Development of a new Polynomial class for Scipy
Motivation
Currently numpy provides a class, poly1d, for representing polynomials in one variable. This class always represents the polynomials as arrays of coefficients in the basis 1, x, x**2, ..., x**n. Unfortunately this basis yields very poor numerical representations of many useful polynomials. As a result, if users want to work with polynomial objects, they are often stuck using low orders. For example, scipy.special includes several families of orthogonal polynomials described in terms of recurrence relations. The objects returned when one is created are poly1ds, and as a result the Chebyshev polynomials become useless by degree 35, while the underlying recurrence relations, with an appropriate evaluation scheme, would allow much higher degrees.
Scope
- One-dimensional polynomials only.
- Vector-valued polynomials? Good for splines and the like; bad for zero-finding; makes for messy code.
- Double-precision reals only.
- Complex variables and coefficients? Convergence and approximation issues become much more complicated. Roots and root finding may require complex variables.

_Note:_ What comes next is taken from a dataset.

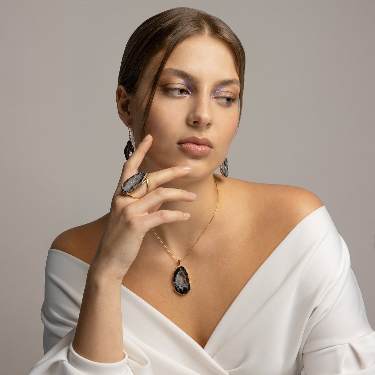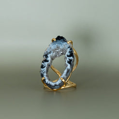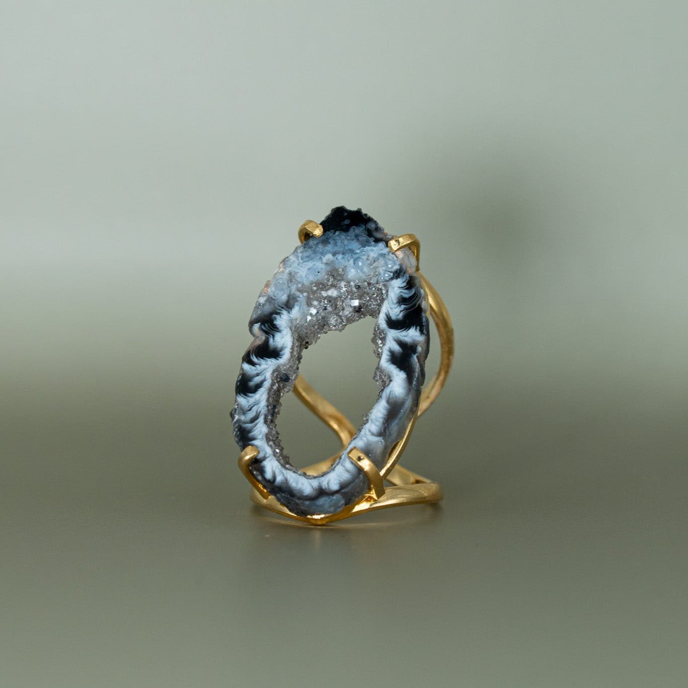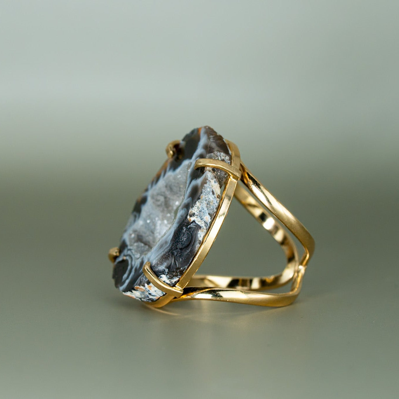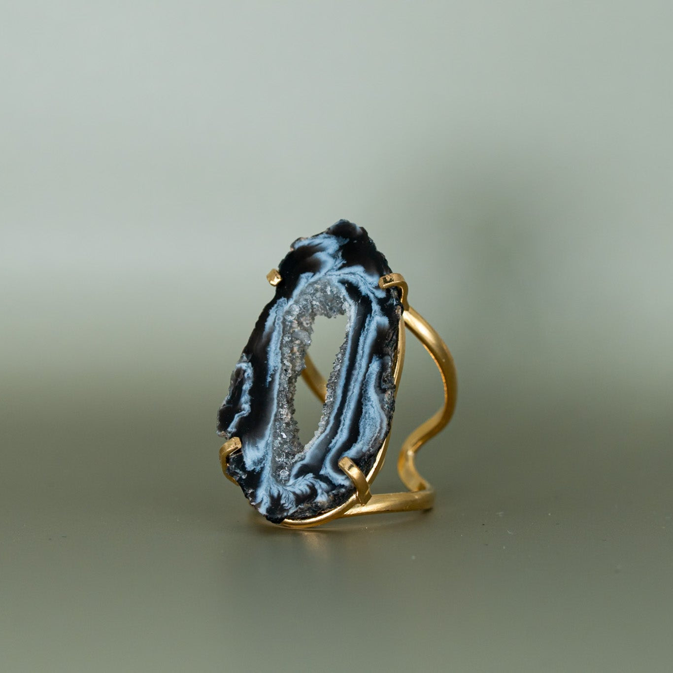 Agate Ring dunkel – 18K vergoldet, größenverstellbar

- Arbitrary-precision coefficients? May be possible with type-checking. Needs tunable parameters.
- Single precision? No, polynomials are unstable enough already.

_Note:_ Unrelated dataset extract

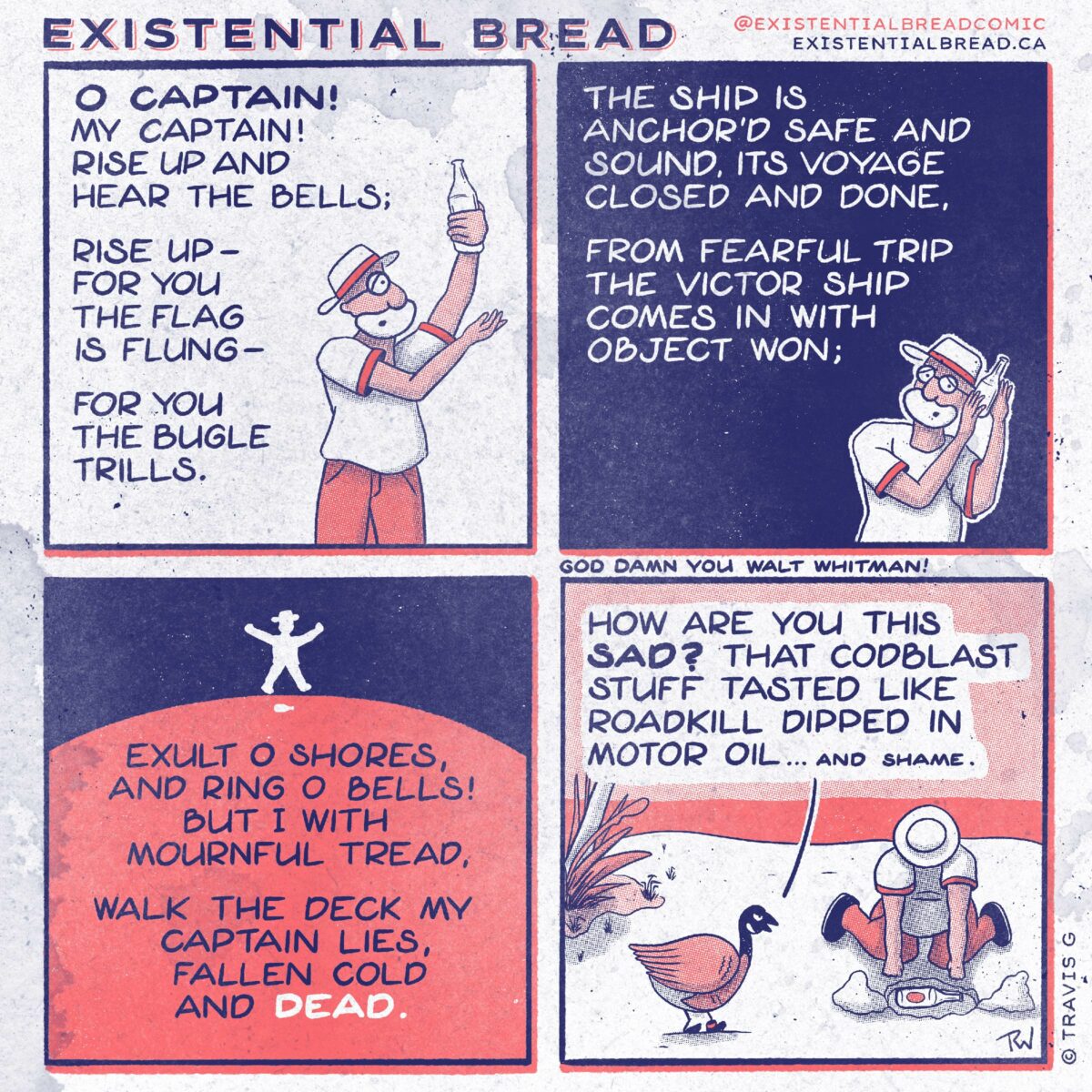 This comic only took four hours! I feel like I earned a comic with no backgrounds, and the type really needed to be the star here. I settled on ‘O Captain My Captain’ by Walk Whitman since it was public domain, not too long (I only used about 30% of it any way) and had the emotionality that I was looking for. I think the joke of “he’s sad because there’s no more gross drink” works really well in this four-panel format.

- Integers? Integer polynomials belong in the domain of symbolic computation.
Use cases
- Working with truncated Taylor series: Derivatives, antiderivatives, composition; specified center point.

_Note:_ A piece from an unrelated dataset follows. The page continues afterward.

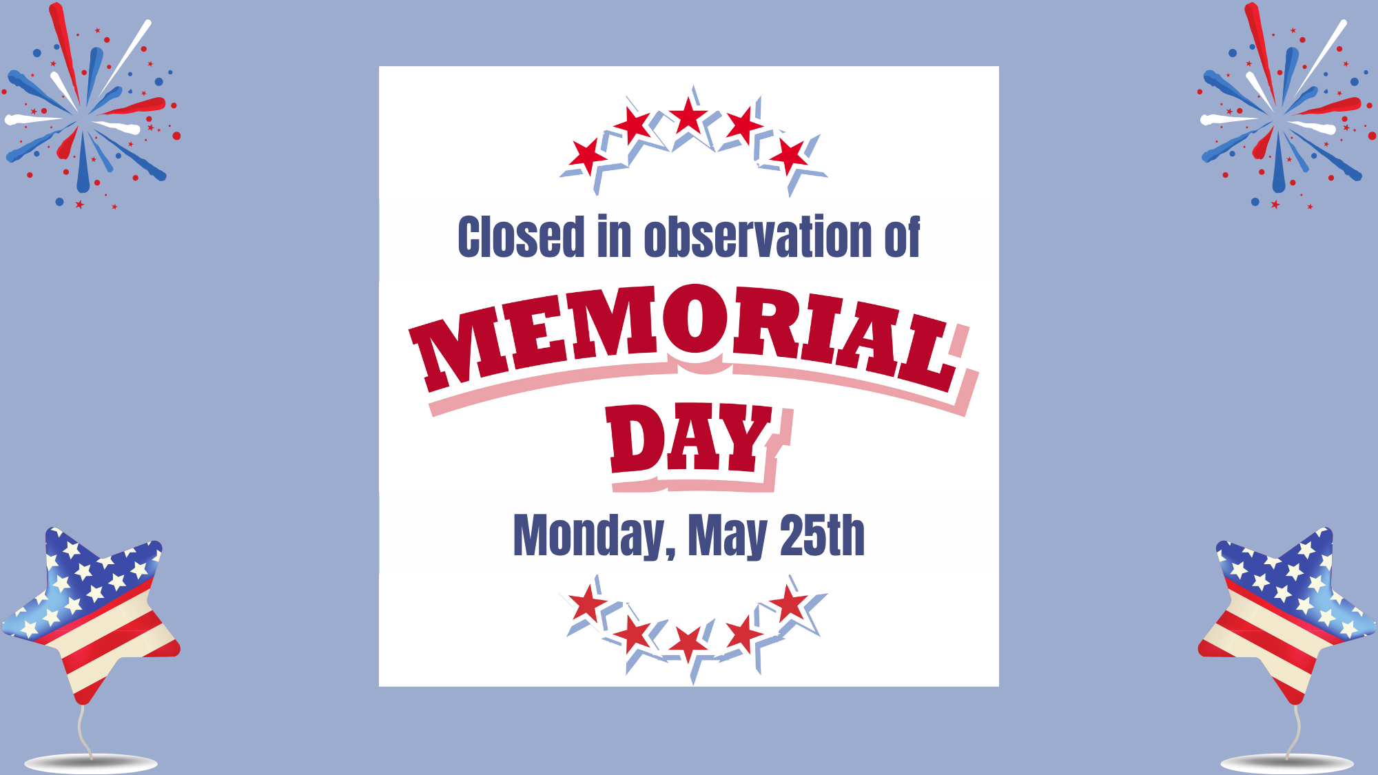 Closed for Memorial Day

- Function approximation: Chebyshev polynomials, fast evaluation, integration/differentiation, root finding, least-squares fitting, multiplication, possibly composition, truncation to lower order; specified interval.
- Curve fitting: least-squares fitting, fast evaluation, integration/differentiation; specified interval.
- Splines: specification by values and derivatives (Hermite problem), root finding, integration/differentiation; specified interval.
- Quadrature: roots and weights of orthogonal families; specified interval (possibly unbounded).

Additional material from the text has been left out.